R (B) v Cambridge Health Authority [1995] EWCA Civ 43 is a UK judicial review and enterprise law case, concerning health care in the UK.

==Facts==
The parents of a child named Jaymee Bowen claimed that she should receive chemotherapy and a second bone marrow transplant for their 10 year old's acute myeloid leukaemia. Consultants at Addenbrooke's Hospital, Cambridge, and Royal Marsden Hospital in London thought it would not succeed. Treatment in the United States would have been far too expensive. One doctor in Hammersmith would have treated her for £75,000. The doctors believed it would be ineffective and inappropriate.

==Judgment==
===High Court===
Laws J held the doctors should have to "do more than toll the bell of tight resources. They must explain the priorities that have led them to decline to fund the treatment."

===Court of Appeal===
Sir Thomas Bingham MR held, the same day, the Health Authority had acted rationally and fairly and intervention would be misguided.

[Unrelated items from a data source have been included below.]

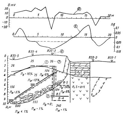 4 - график ЕП; 5 - график Δg; 6 - точки ВЭЗ
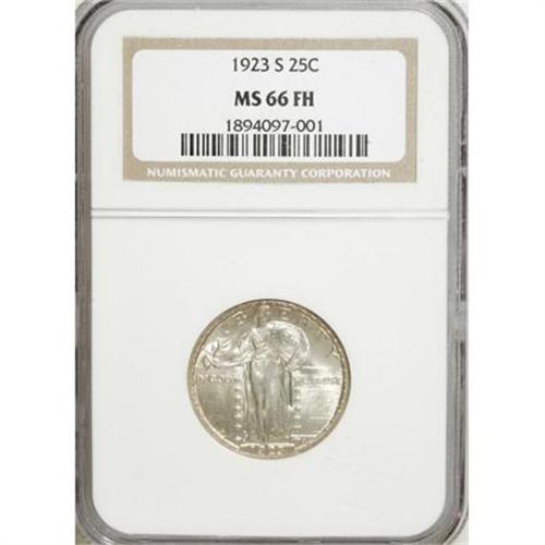 <B>1923-S 25C MS66 Full Head NGC.</B></I> This is a vibrant Premium Gem of the highest quality, with bold striking detail. There are some hints of light champagne toning on each side. We can scarcely imagine a finer example of this low-mintage Standing Liberty key date, which makes it seem surprising that several have been graded even higher. Census: 26 in 66 Full Head, 6 finer (10/07). <BR><I>From The Hoffy Collection, NGC's #3 Registry Collection of Standing Liberty Quarters.</B></I><BR><BR><B>Coin Engraver:</B> Hermon A. MacNeil<BR><BR><b>Shipping:</b> Coins & Currency (<a target="_blank" href="http://www.heritageauctions.com/common/shipping.php">view shipping information</a>)
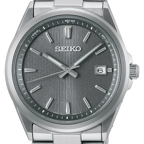 軽快な装いのフォルムが特徴的な、ワンランク上のソーラー電波モデルが登場。細縁のすっきりとしたベゼルと、エッジを組み合わせたソリッドな形状のケースデザイン、中留を無垢にしたメタルブレスレットが、ワンランク上を感じさせます。異なる形状のインデックス、「SEIKO」、カレンダー枠を立体パーツにすることで、堂々としたデザインとなっております。ケース、メタルブレスレットにはダイヤシールドを施すことで、日常使いの擦り傷、小傷から時計本来の美しい輝きや、きれいな仕上げを守ります。スーツにも合せやすいシャドーストライプ柄の印刷を組み合わせたダイヤルにすることで、すっきりとした印象を与えます。サファイアガラスには、スーパークリアコーティングを施し、光の反射を抑えることでダイヤルの上質感をより伝えられるようにしております。電子りゅうず搭載で、時差修正がより簡単になることに加え、世界5エリア(日・中・米・独・英)の標準電波を受信します。
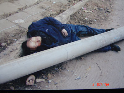 5日下午4時,汝州當(dāng)?shù)貧鉁氐陀诹阆?度。中國網(wǎng)通汝州分公司門外被駐足的市民團(tuán)團(tuán)圍住。一名自稱姓任(音),是網(wǎng)通公司警務(wù)室工作人員的中年男子叉腰站在門口臺階上。他的身后,死者魯偉政8歲的兒子魯志恒和剛滿一歲的妹妹依偎在媽媽懷里,驚恐而無助的望著他。一番爭論后,任姓男子緩緩點燃一根香煙,指著身后席地而坐的家屬大聲叫道:“你們這樣做是違法的!”“再吵把你們?nèi)テ饋!”任姓男子的說法立即引起圍觀群眾的強烈不滿,現(xiàn)場的爭吵聲將原本躺在媽媽懷中熟睡的女嬰嚇得大哭起來。
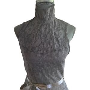 Arden B. Black High Neck Lace Mini Dress with Satin Waist Tie – Size M – NWT
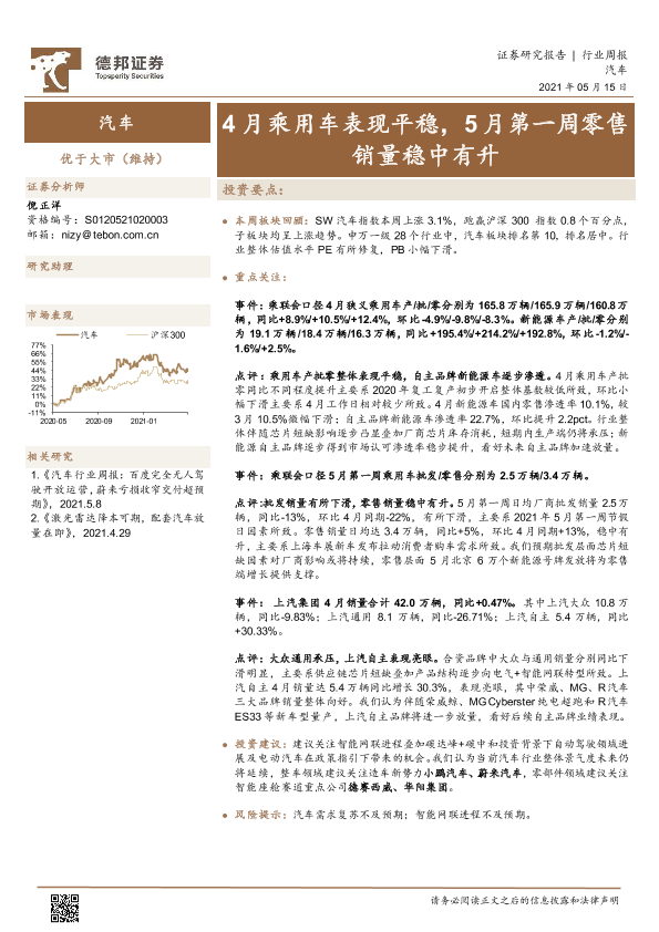 【德邦证券】【20210515】20210515-德邦证券-汽车行业周报:4月乘用车表现平稳,5月第一周零售销量稳中有升-14页

I have no doubt that in a perfect world any treatment which a patient, or a patient's family, sought would be provided if doctors were willing to give it, no matter how much it cost, particularly when a life was potentially at stake. It would however, in my view, be shutting one's eyes to the real world if the court were to proceed on the basis that we do live in such a world. It is common knowledge that health authorities of all kinds are constantly pressed to make ends meet. They cannot pay their nurses as much as they would like; they cannot provide all the treatments they would like; they cannot purchase all the extremely expensive medical equipment they would like; they cannot carry out all the research they would like; they cannot build all the hospitals and specialist units they would like. Difficult and agonising judgments have to be made as to how a limited budget is best allocated to the maximum advantage of the maximum number of patients. That is not a judgment which the court can make. In my judgment, it is not something that a health authority such as this Authority can be fairly criticised for not advancing before the court.

==Significance==
After the Court of Appeal judgment, The Sun said the child was "Condemned by Bank Balance" and the Daily Mail said the child was "Sentenced to Death". An anonymous private donor paid for treatment. The consultant who had agreed changed tack, did not provide a second bone marrow transplant, and did an experimental treatment called donor lymphocyte infusion. Jaymee died after a few months.

The funeral of Jaymee Bowen was held on 28 May 1996. That evening Channel 4 cancelled its scheduled late-night programmes to enable the TV discussion After Dark to debate the issues of the case, with among others Julian Tudor Hart, Martin Israel and the NHS Director of Public Health who had turned down Jaymee's family when they asked for further treatment.